*TASK ITEM*. Restate word for word the lines of the entries below, starting with the line that holds "마찬가지의 이유로 기름에" and ending with the line that holds "Fein geschnittener Obst-Mix", and no others.

*RECORDS FOR THE TASK*.
....

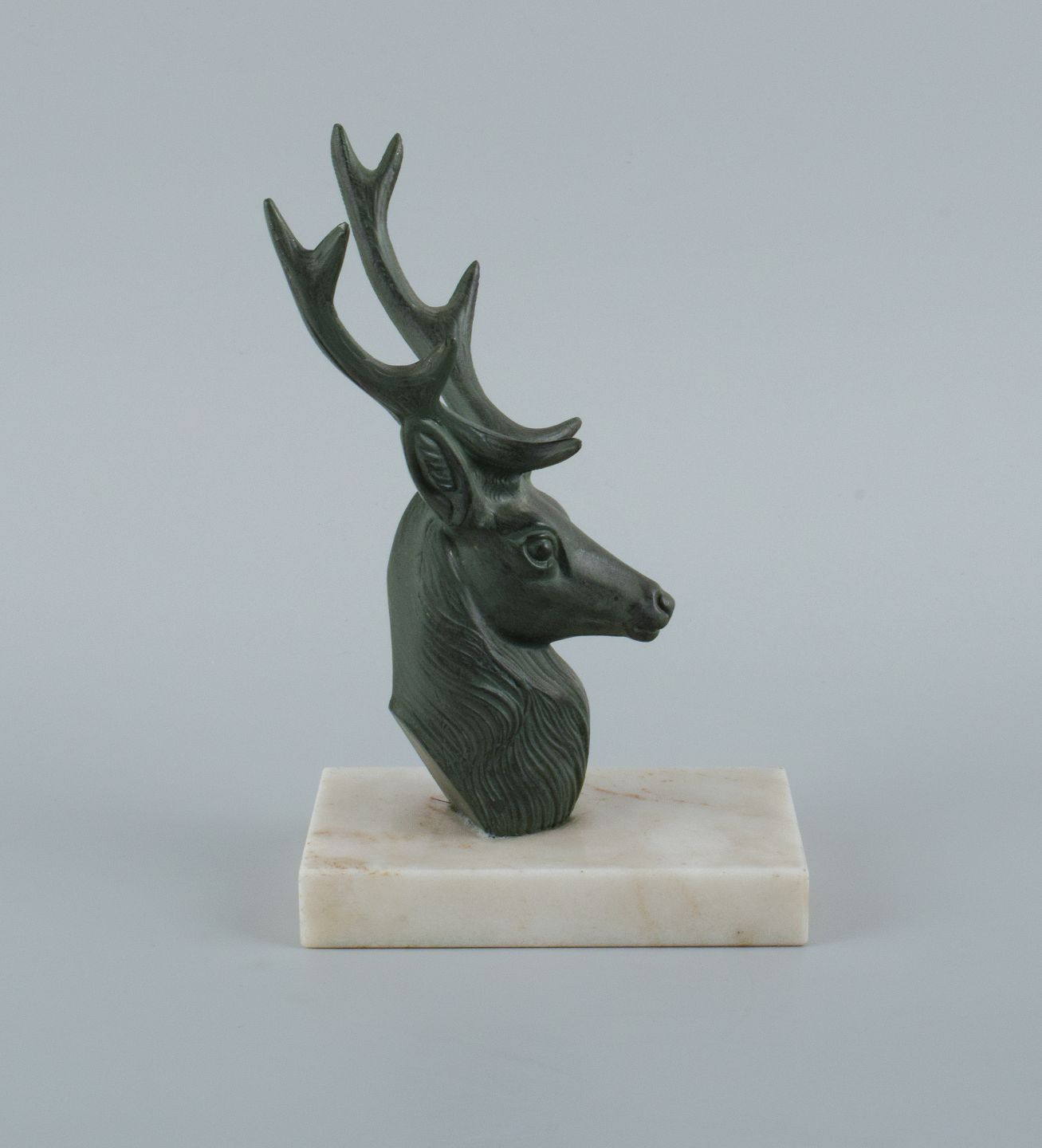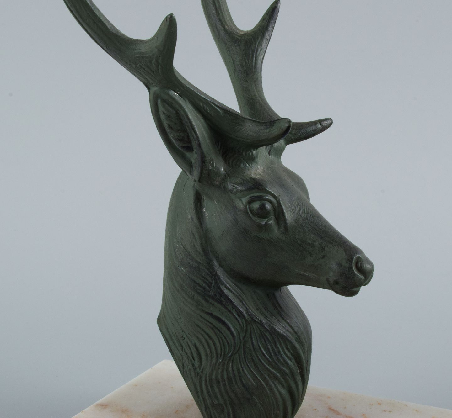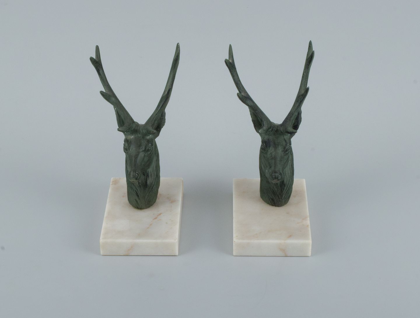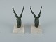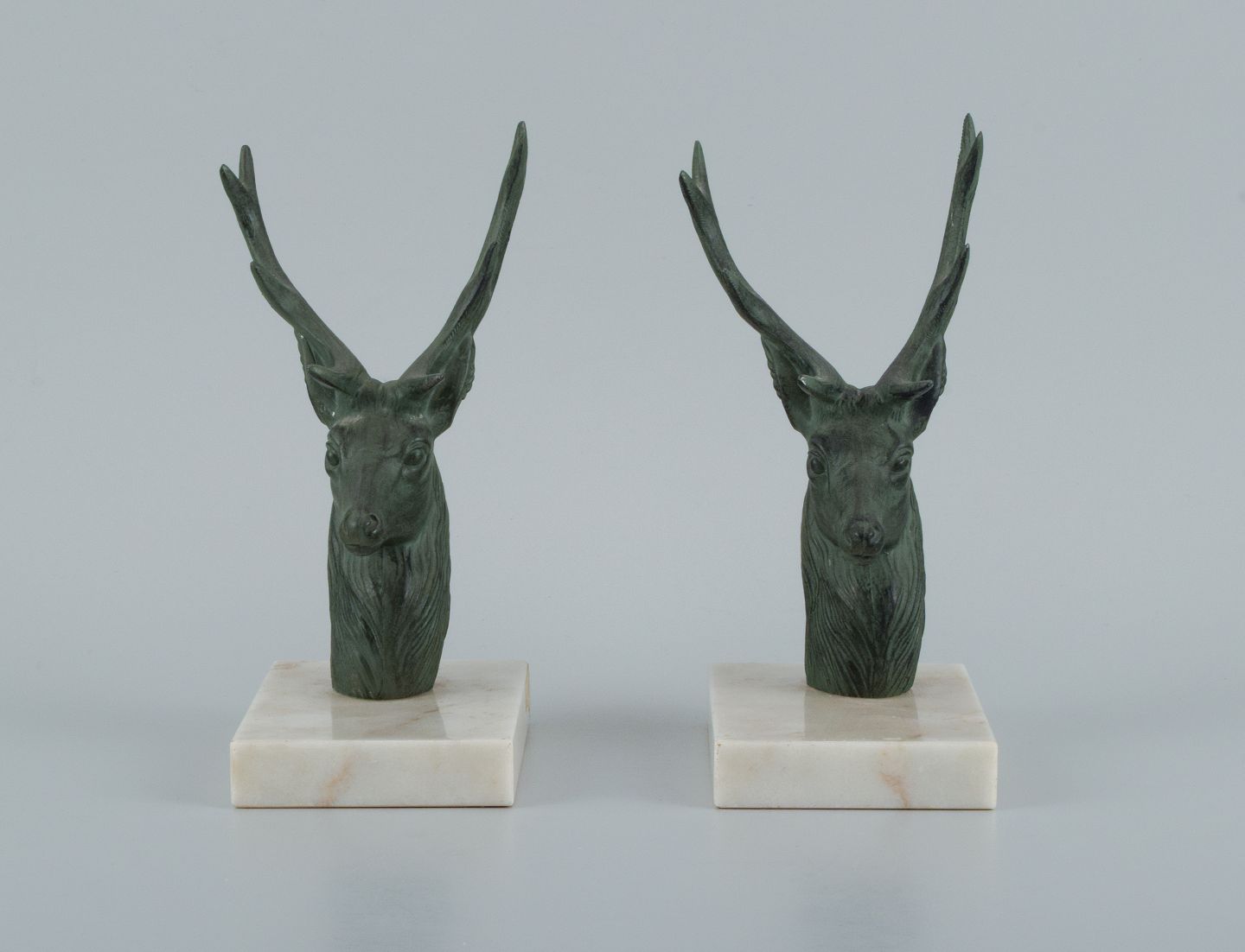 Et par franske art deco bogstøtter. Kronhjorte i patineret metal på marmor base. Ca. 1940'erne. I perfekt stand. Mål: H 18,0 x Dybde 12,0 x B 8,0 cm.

....

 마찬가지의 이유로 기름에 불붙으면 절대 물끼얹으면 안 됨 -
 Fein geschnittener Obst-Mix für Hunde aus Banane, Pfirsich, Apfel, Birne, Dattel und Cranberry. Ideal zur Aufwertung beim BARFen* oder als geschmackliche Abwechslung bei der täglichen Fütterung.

....

*SOLUTION TO THE PROBLEM*.
 마찬가지의 이유로 기름에 불붙으면 절대 물끼얹으면 안 됨 -
 Fein geschnittener Obst-Mix für Hunde aus Banane, Pfirsich, Apfel, Birne, Dattel und Cranberry. Ideal zur Aufwertung beim BARFen* oder als geschmackliche Abwechslung bei der täglichen Fütterung.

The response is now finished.